# INPUT DATA
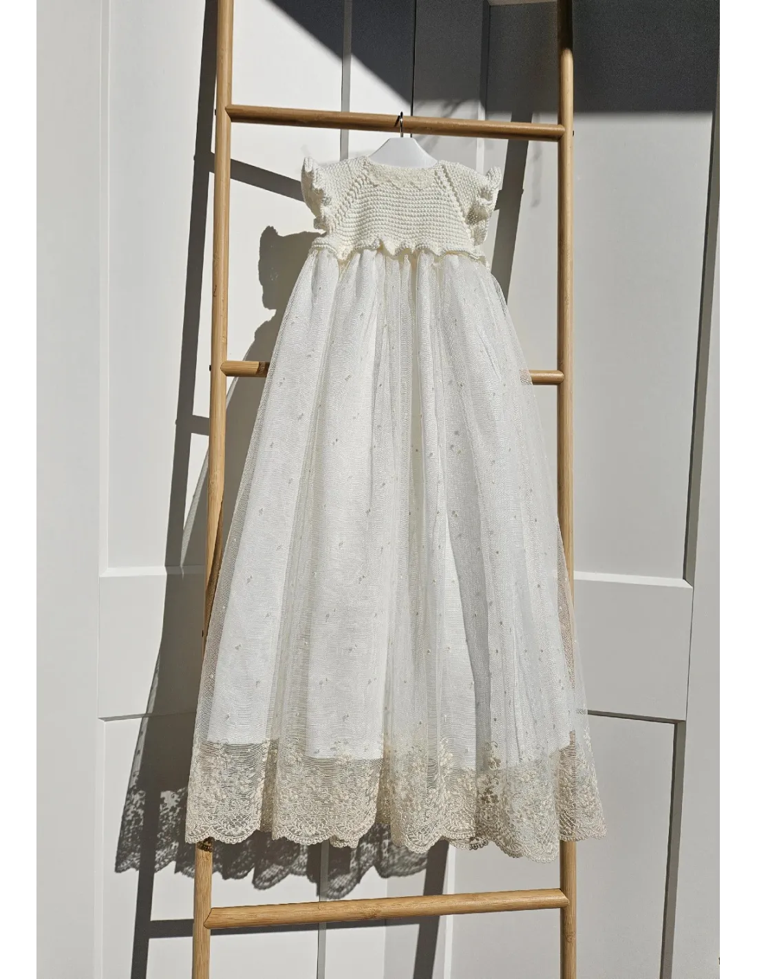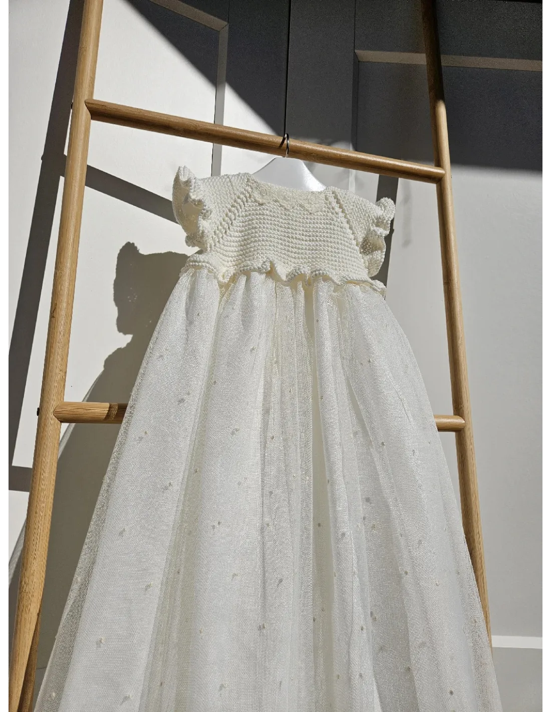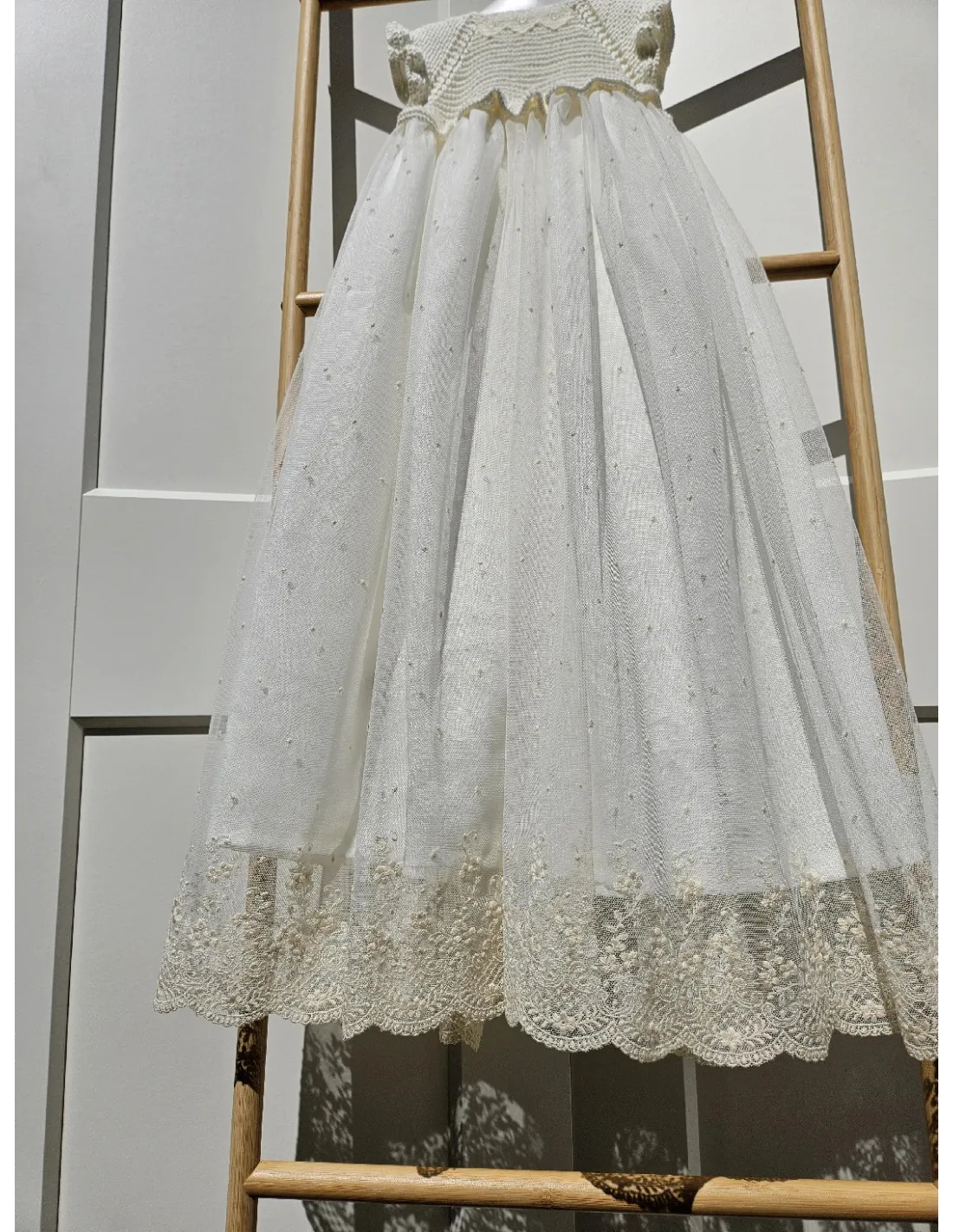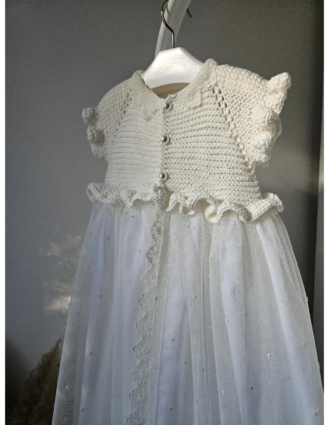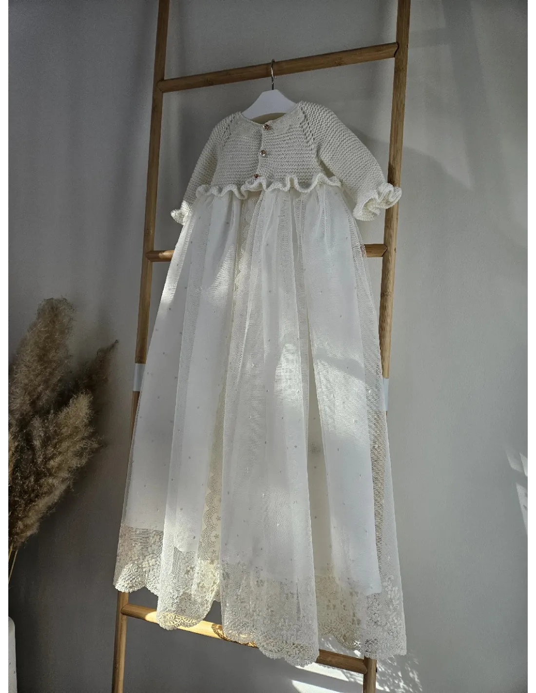 Cuerpo de punto en algodón tejido a mano y falda confeccionada en un espectacular tul bordado en plumeti con cenefa floral en el bajo. Enagua interior en lino natural marfil con puntilla de tul bordada. Los detalles de puntilla de encaje y la falda amplia aportan ligereza y movimiento, mientras que el cierre trasero facilita el vestido del bebé. Incluye braguita de lino. Cada faldón nace de un diseño, pero se convierte en único con tus preferencias. Tras la compra, contactaremos contigo personalmente para concretar cada detalle y crear una pieza única para tu bebé. El tiempo de entrega es de 45 días aprox.*
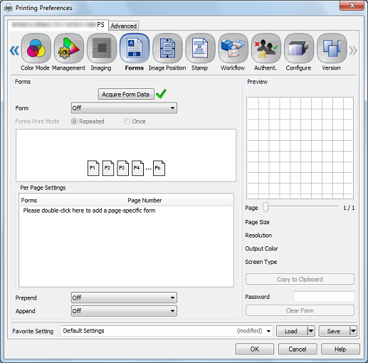 [Patrón de impresión] | [Repetitivo], [Una vez] | Seleccione [Repetitivo] para superponer de forma repetitiva todas las páginas del formulario ordenadas desde la primera página en un documento de impresión. Seleccione [Una vez] para superponer una sola vez todas las páginas del formulario ordenadas desde la primera página en un documento de impresión. |
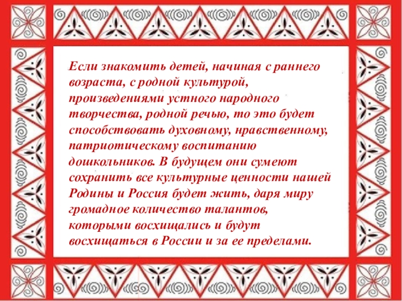Слайд 19Если знакомить детей, начиная с раннего возраста, с родной культурой, произведениями

# TASK DIRECTIONS
Write the material out again exactly as it appears, dropping the pictures.

# EXERCISE ANSWER
 Cuerpo de punto en algodón tejido a mano y falda confeccionada en un espectacular tul bordado en plumeti con cenefa floral en el bajo. Enagua interior en lino natural marfil con puntilla de tul bordada. Los detalles de puntilla de encaje y la falda amplia aportan ligereza y movimiento, mientras que el cierre trasero facilita el vestido del bebé. Incluye braguita de lino. Cada faldón nace de un diseño, pero se convierte en único con tus preferencias. Tras la compra, contactaremos contigo personalmente para concretar cada detalle y crear una pieza única para tu bebé. El tiempo de entrega es de 45 días aprox.*
 [Patrón de impresión] | [Repetitivo], [Una vez] | Seleccione [Repetitivo] para superponer de forma repetitiva todas las páginas del formulario ordenadas desde la primera página en un documento de impresión. Seleccione [Una vez] para superponer una sola vez todas las páginas del formulario ordenadas desde la primera página en un documento de impresión. |
Слайд 19Если знакомить детей, начиная с раннего возраста, с родной культурой, произведениями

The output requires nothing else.